## [Work task]
Your copy of the listing should be exact and should contain no pictures.

## [Available data]
= Beginning of Section =

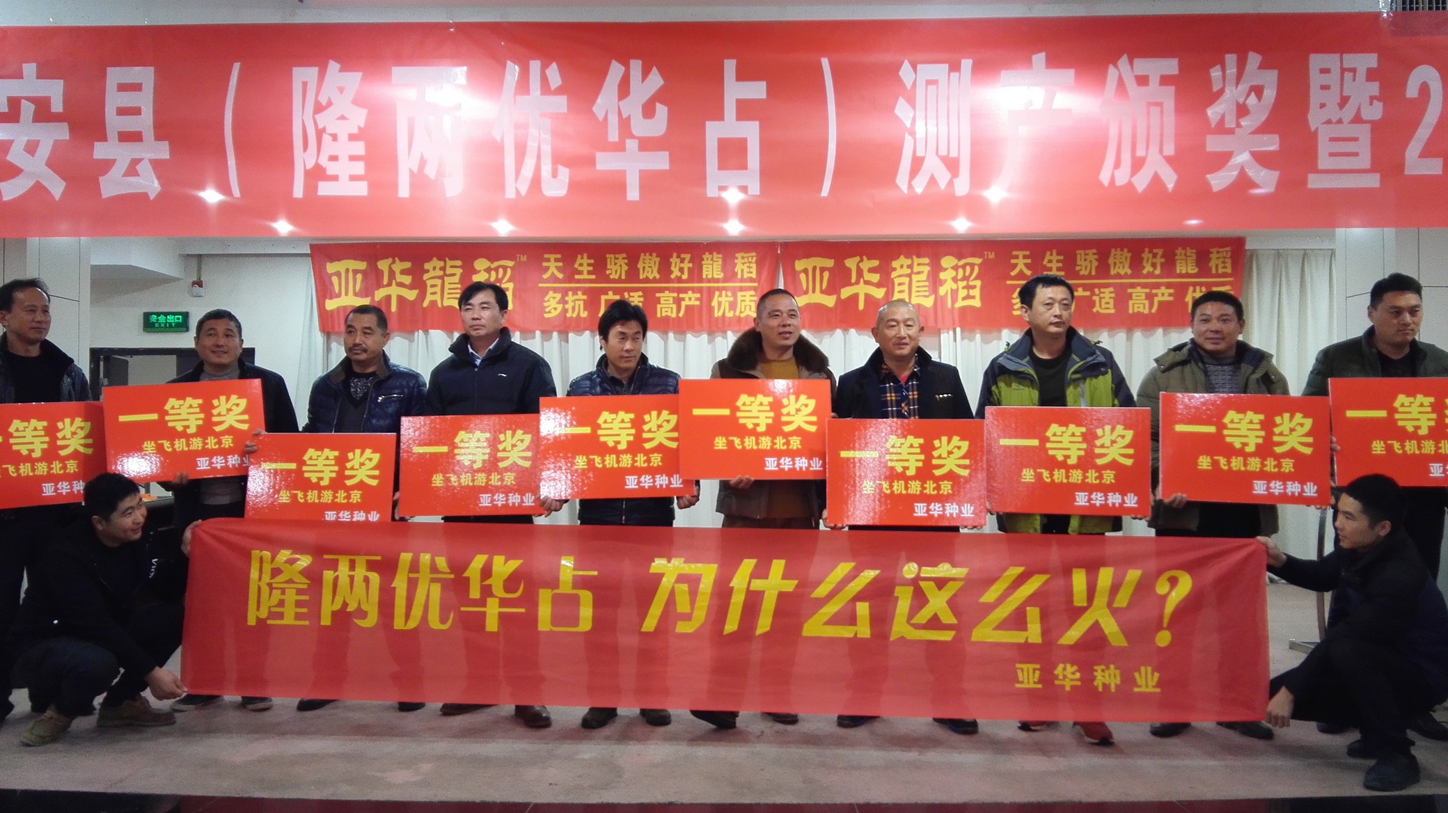會(huì)議最后,對(duì)來(lái)安縣各地隆兩優(yōu)華占的測(cè)產(chǎn)高產(chǎn)戶進(jìn)行了表彰并合影留念,獲獎(jiǎng)農(nóng)戶手捧獎(jiǎng)品,喜笑顏開,可謂田間會(huì)上雙豐收。相信他們對(duì)來(lái)年的種子,已經(jīng)做好了選擇。
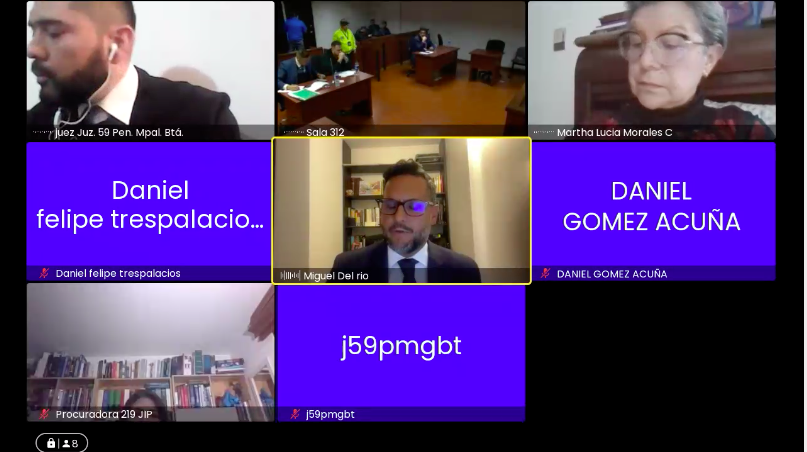 “Una audiencia muy compleja porque necesitábamos el acompañamiento de un traductor, la justicia colombiana exige el acompañamiento simultáneo de un traductor mientras se desarrolla la diligencia y eso entorpeció un poco el ejercicio natural de la administración de justicia, un poco de la precariedad del sistema judicial”, explicó el abogado de víctimas de este caso, Miguel Ángel del Río, a través de sus redes sociales.
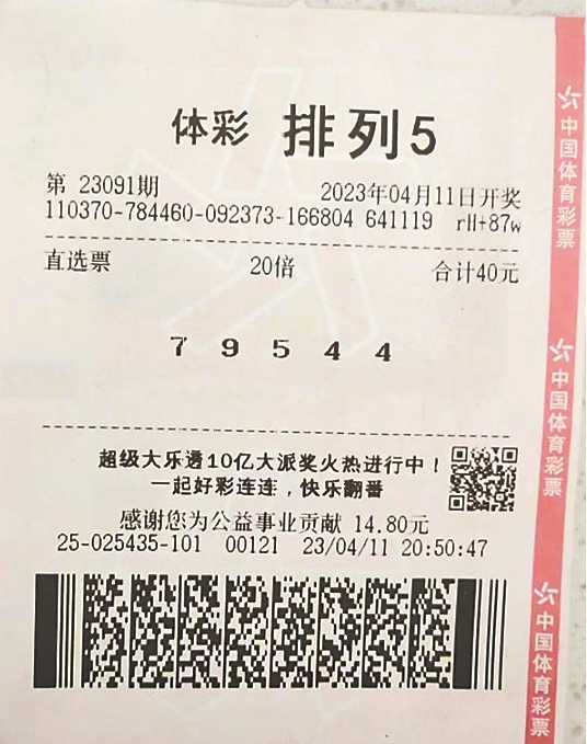 第二天上午,一位身着白色衣服的小伙子来到体彩中心办理兑奖手续。这张彩票购买时间是4月11日20时50分,共一注单式票,20倍的投注。说起这张票,孟先生(化姓)说可以用“惊险”来形容,险些就错过出票时间。原来,孟先生一直有购买排列型彩票游戏的习惯,当天忙活完个人事情后,才想起今天的彩票没买,眼看要到截止销售时间了,便匆匆来到离家最近的体彩店,经过一番粗略研究后,孟先生分别购买了排列3、排列5的游戏票,票打印出来的时间距离截止销售仅剩10分钟。孟先生表示,自己经常研究号码,谈不上有什么经验,之前基本都是2至4倍地投,就在两个月前,自己研究购买的一注排列5彩票前面的三个数都对,最后两个数也对,就是顺序与开奖号码颠倒了。自从那次以后,自己就像有预感,感觉迟早会中奖,便提高了投注的倍数,不过购彩也很理性,20的倍投已到极限。孟先生说,当期还购买了排列3游戏,进行了10倍投,也中了10注一等奖。

= End of Section =

## [Solution]
會(huì)議最后,對(duì)來(lái)安縣各地隆兩優(yōu)華占的測(cè)產(chǎn)高產(chǎn)戶進(jìn)行了表彰并合影留念,獲獎(jiǎng)農(nóng)戶手捧獎(jiǎng)品,喜笑顏開,可謂田間會(huì)上雙豐收。相信他們對(duì)來(lái)年的種子,已經(jīng)做好了選擇。
 “Una audiencia muy compleja porque necesitábamos el acompañamiento de un traductor, la justicia colombiana exige el acompañamiento simultáneo de un traductor mientras se desarrolla la diligencia y eso entorpeció un poco el ejercicio natural de la administración de justicia, un poco de la precariedad del sistema judicial”, explicó el abogado de víctimas de este caso, Miguel Ángel del Río, a través de sus redes sociales.
 第二天上午,一位身着白色衣服的小伙子来到体彩中心办理兑奖手续。这张彩票购买时间是4月11日20时50分,共一注单式票,20倍的投注。说起这张票,孟先生(化姓)说可以用“惊险”来形容,险些就错过出票时间。原来,孟先生一直有购买排列型彩票游戏的习惯,当天忙活完个人事情后,才想起今天的彩票没买,眼看要到截止销售时间了,便匆匆来到离家最近的体彩店,经过一番粗略研究后,孟先生分别购买了排列3、排列5的游戏票,票打印出来的时间距离截止销售仅剩10分钟。孟先生表示,自己经常研究号码,谈不上有什么经验,之前基本都是2至4倍地投,就在两个月前,自己研究购买的一注排列5彩票前面的三个数都对,最后两个数也对,就是顺序与开奖号码颠倒了。自从那次以后,自己就像有预感,感觉迟早会中奖,便提高了投注的倍数,不过购彩也很理性,20的倍投已到极限。孟先生说,当期还购买了排列3游戏,进行了10倍投,也中了10注一等奖。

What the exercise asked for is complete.